# INSTRUCTIONS TO FOLLOW
The material below has pictures in it. Set down only the lines from the line containing "中:ソフトボール部 先輩にフ" through the line containing "The oval platter", word for word, and leave the pictures behind.

# DATA TO EXAMINE
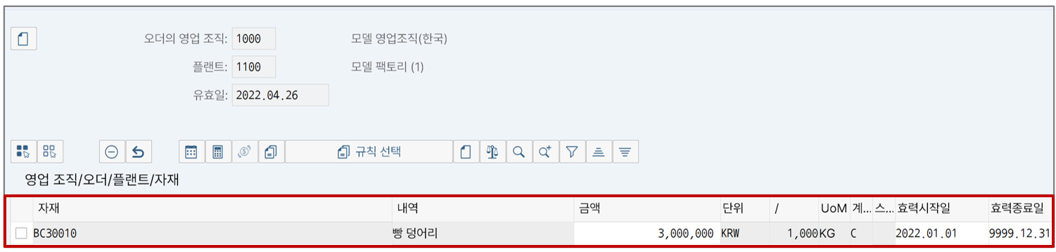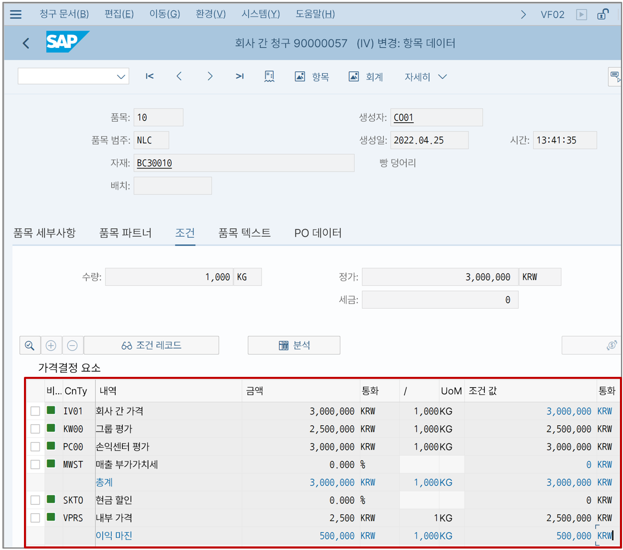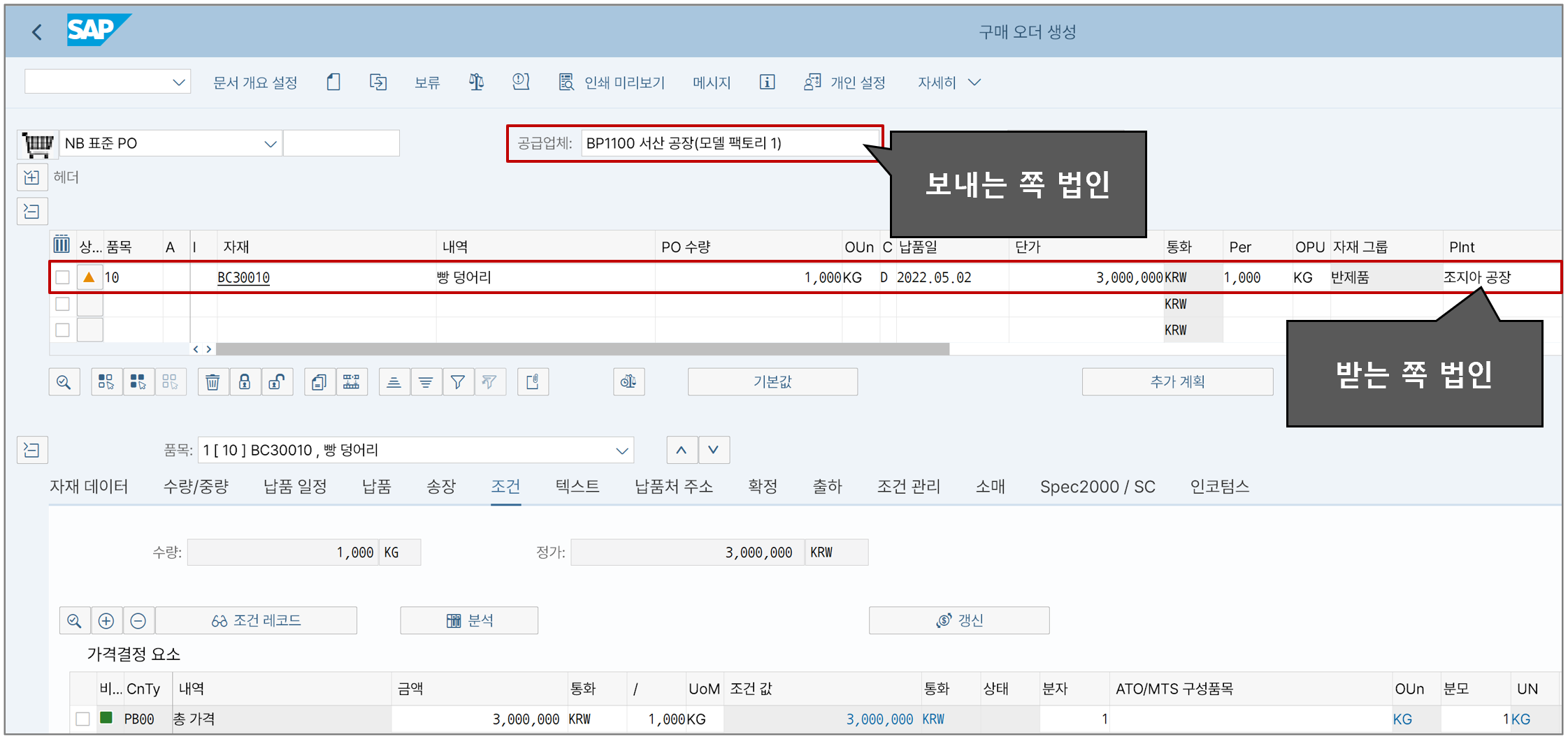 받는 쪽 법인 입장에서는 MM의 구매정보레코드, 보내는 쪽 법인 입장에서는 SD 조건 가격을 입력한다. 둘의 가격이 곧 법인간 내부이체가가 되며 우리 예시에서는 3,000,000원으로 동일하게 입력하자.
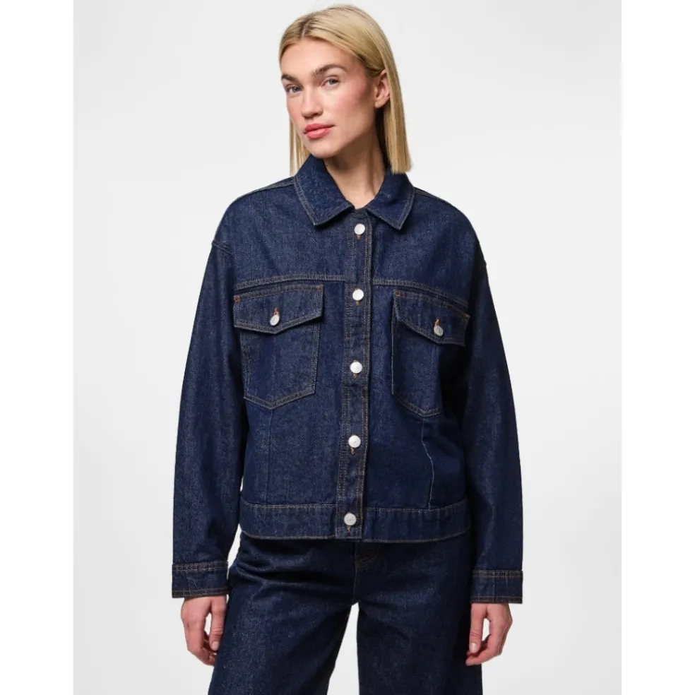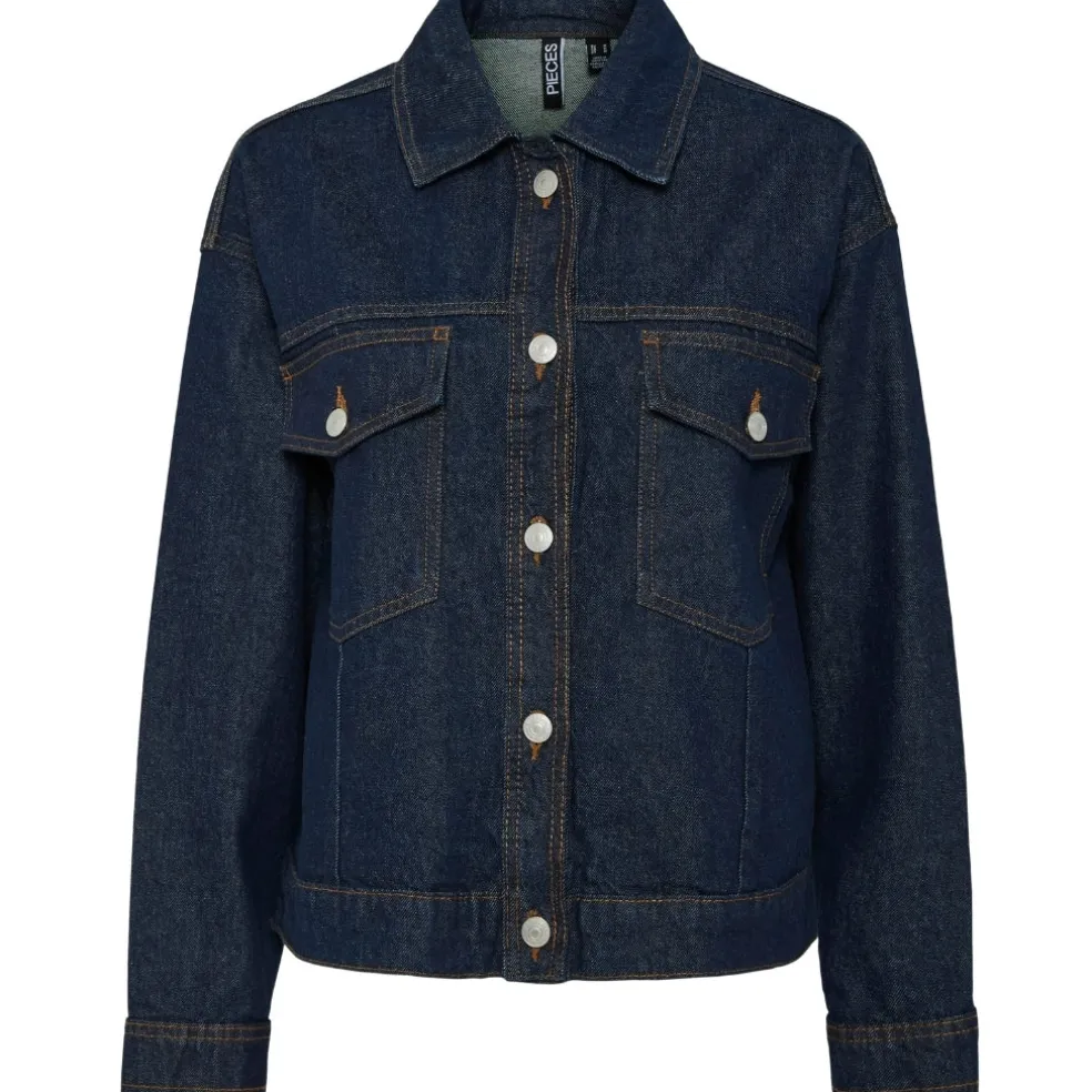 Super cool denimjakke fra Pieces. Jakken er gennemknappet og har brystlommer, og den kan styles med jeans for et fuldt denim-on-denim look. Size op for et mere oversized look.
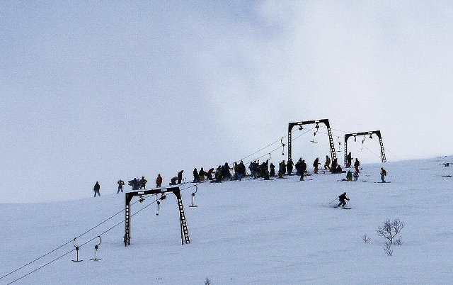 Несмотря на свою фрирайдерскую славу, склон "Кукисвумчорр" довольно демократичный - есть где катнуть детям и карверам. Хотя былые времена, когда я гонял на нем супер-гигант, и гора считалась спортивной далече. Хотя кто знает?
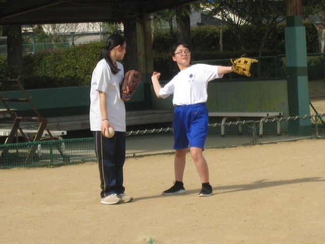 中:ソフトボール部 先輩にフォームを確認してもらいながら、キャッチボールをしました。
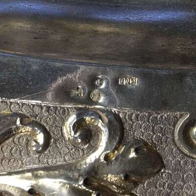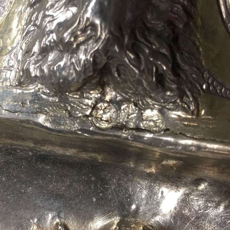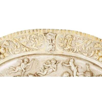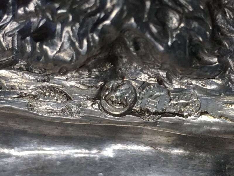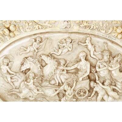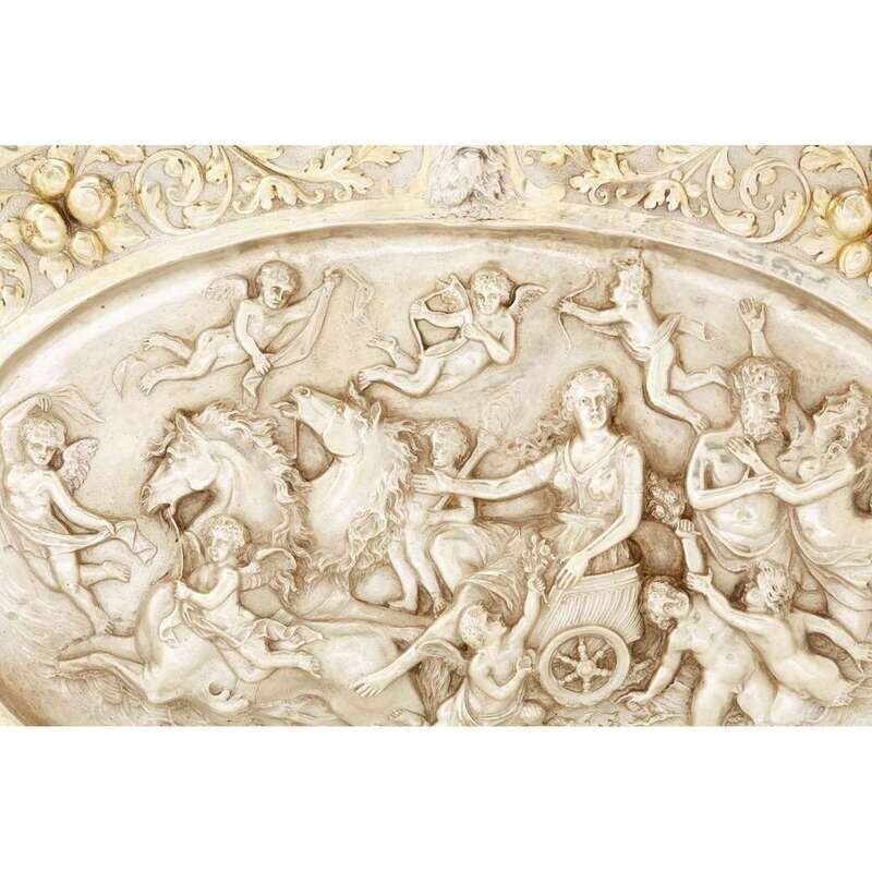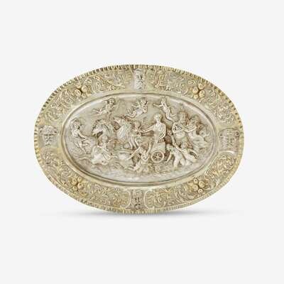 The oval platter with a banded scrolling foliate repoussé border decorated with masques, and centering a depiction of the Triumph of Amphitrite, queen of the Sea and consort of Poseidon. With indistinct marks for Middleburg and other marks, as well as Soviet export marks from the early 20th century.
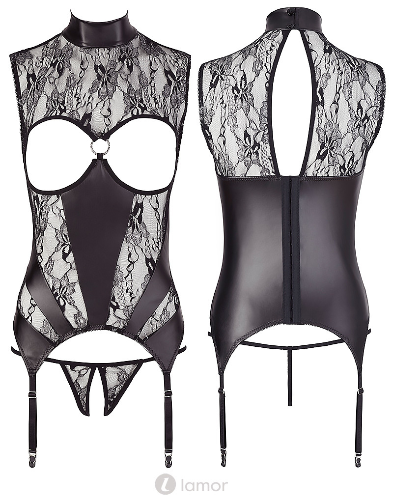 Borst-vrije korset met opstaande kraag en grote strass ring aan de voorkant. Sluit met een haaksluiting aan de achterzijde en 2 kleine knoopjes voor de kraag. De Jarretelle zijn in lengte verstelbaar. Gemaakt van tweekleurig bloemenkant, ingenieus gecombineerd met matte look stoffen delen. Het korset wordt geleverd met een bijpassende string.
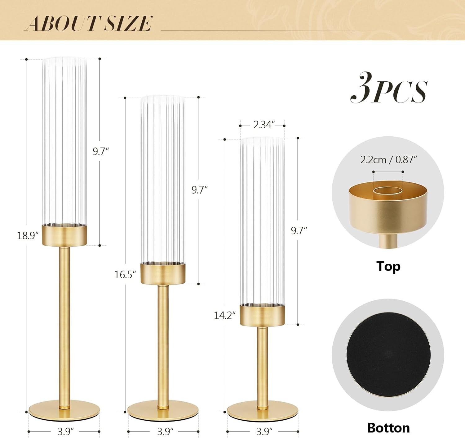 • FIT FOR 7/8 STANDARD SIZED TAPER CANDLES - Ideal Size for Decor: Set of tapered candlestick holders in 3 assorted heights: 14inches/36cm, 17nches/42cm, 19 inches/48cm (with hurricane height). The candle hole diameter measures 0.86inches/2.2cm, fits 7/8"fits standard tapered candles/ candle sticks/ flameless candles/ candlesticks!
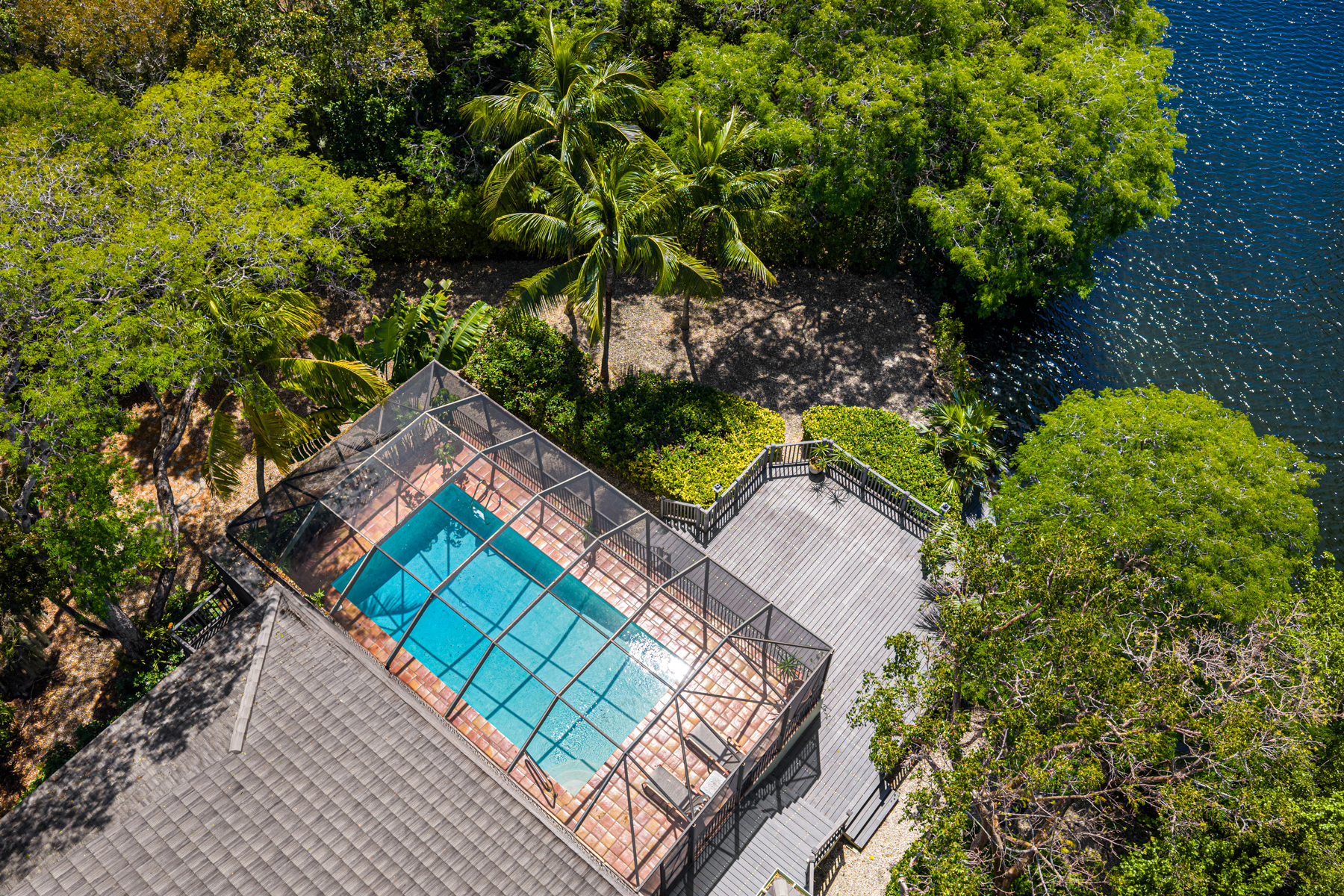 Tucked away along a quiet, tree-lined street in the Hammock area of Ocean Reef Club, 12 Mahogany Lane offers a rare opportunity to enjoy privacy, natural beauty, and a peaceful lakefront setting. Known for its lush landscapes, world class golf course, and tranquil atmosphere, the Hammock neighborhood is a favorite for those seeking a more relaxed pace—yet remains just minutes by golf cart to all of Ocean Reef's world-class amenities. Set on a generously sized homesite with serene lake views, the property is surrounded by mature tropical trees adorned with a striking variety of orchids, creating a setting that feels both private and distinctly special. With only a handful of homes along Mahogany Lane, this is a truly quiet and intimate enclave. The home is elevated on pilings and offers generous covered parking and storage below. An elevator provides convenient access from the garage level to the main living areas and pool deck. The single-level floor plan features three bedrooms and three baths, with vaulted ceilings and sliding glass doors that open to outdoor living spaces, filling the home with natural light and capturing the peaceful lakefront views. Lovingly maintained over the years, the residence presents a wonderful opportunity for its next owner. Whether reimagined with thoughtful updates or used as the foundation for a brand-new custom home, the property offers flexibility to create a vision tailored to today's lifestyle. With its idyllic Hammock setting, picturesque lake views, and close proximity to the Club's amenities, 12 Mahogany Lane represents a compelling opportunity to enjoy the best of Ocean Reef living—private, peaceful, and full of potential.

# WRITTEN SOLUTION
 中:ソフトボール部 先輩にフォームを確認してもらいながら、キャッチボールをしました。
 The oval platter with a banded scrolling foliate repoussé border decorated with masques, and centering a depiction of the Triumph of Amphitrite, queen of the Sea and consort of Poseidon. With indistinct marks for Middleburg and other marks, as well as Soviet export marks from the early 20th century.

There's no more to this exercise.